Figure 1.2 Another scatterplot of actual data
Terms
Correlation is only able to find, and simple regression and multiple regression are only able to describe, linear relationships. Figure 1.1 shows a linear relationship. Figure 1.3 shows a scatterplot in which there is a perfect relationship between the X and Y variables, only not a linear one (in this case, a sine wave.) While there is a perfect mathematical relationship between X and Y, it is not linear, and so there is no linear correlation between X and Y.
Figure 1.3 A scatterplot of nonlinear (fictitious) data
A positive linear relationship exists when a change in one variable causes a change in the same direction of another variable. For example, an increase in advertising will generally cause a corresponding increase in sales. When we describe this relationship with a line, that line will have a positive slope. The relationship shown in Figure 1.1 is positive.
A negative linear relationship exists when a change in one variable causes a change in the opposite direction of another variable. For example, an increase in competition will generally cause a corresponding decrease in sales. When we describe this relationship with a line, that line will have a negative slope.

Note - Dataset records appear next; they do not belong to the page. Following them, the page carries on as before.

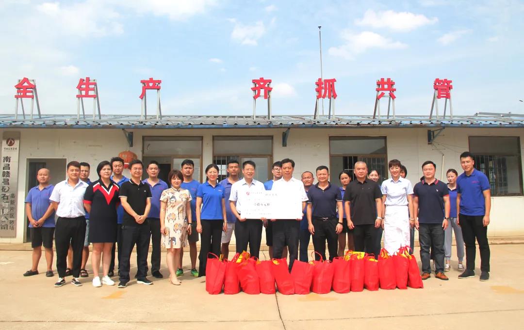 8月7日,市政公用集團黨委副書記、總經(jīng)理萬義輝,市政公用集團黨委委員、副總經(jīng)理郭曉慶,市政公用集團工會副主席徐志斌等領(lǐng)導(dǎo)一行,來到了因汛期受災(zāi)嚴重的南昌贛昌砂石有限公司高新尤口砂場及配送站進行防汛高溫慰問,市政公用集團綜合部部長易飛,市政公用集團工會辦公室主任吳瑕等相關(guān)同志陪同。市政公用集團黨委委員,贛昌砂石公司黨總支部書記、董事長劉順保,公司常務(wù)副總經(jīng)理朱鳳,總經(jīng)理助理、工會主席胡蓉,公司副總工程師、配送服務(wù)中心負責(zé)人饒燕等同志參加慰問活動。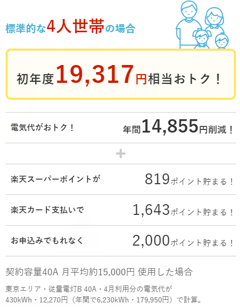 ポイントが効率よく貯まるので、一般的なご家庭が楽天でんきに切り替えると年間1万円以上もお得になることも。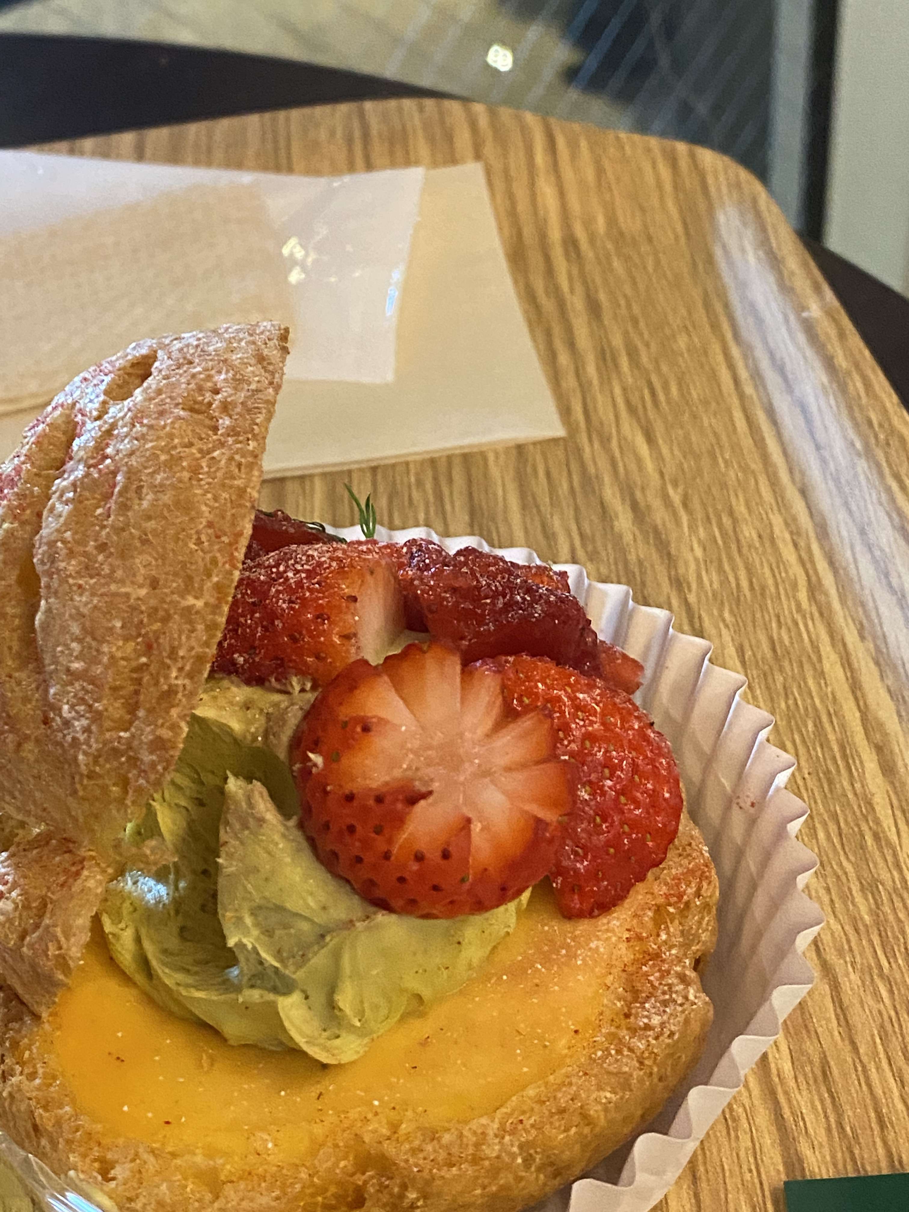 こちらのシュー皮はとにかく軽い食感のサクサク系で、メレンゲをのせて焼くことでさらに甘さと香ばしさを味わえます。

Having a positive or negative relationship should not be seen as a value judgment. The terms “positive” and “negative” are not intended to be moral or ethical terms. Rather, they simply describe whether the slope coefficient is a positive or negative number—that is, whether the line slopes up or down as it moves from left to right.
While it does not matter for correlation, the variables we use with regression fall into one of two categories: dependent or independent variables. The dependent variable is a measurement whose value is controlled or influenced by another variable or variables. For example, someone’s weight likely is influenced by the person’s height and level of exercise, whereas company sales are likely greatly influenced by the company’s level of advertising. In scatterplots of data that will be used for regression later, the dependent variable is placed on the Y-axis.
An independent variable is just the opposite: a measurement whose value is not controlled or influenced by other variables in the study. Examples include a person’s height or a company’s advertising. That is not to say that nothing influences an independent variable. A person’s height is influenced by the person’s genetics and early nutrition, and a company’s advertising is influenced by its income and the cost of advertising. In the grand scheme of things, everything is controlled or influenced by something else. However, for our purposes, it is enough to say that none of the other variables in the study influences our independent variables.
While none of the other variables in the study should influence independent variables, it is not uncommon for the researcher to manipulate the independent variables. For example, a company trying to understand the impact of its advertising on its sales might try different levels of advertising in order to see what impact those varying values have on sales. Thus the “independent” variable of advertising is being controlled by the researcher. A medical researcher trying to understand the effect of a drug on a disease might vary the dosage and observe the progress of the disease. A market researcher interested in understanding how different colors and package designs influence brand recognition might perform research varying the packaging in different cities and seeing how brand recognition varies.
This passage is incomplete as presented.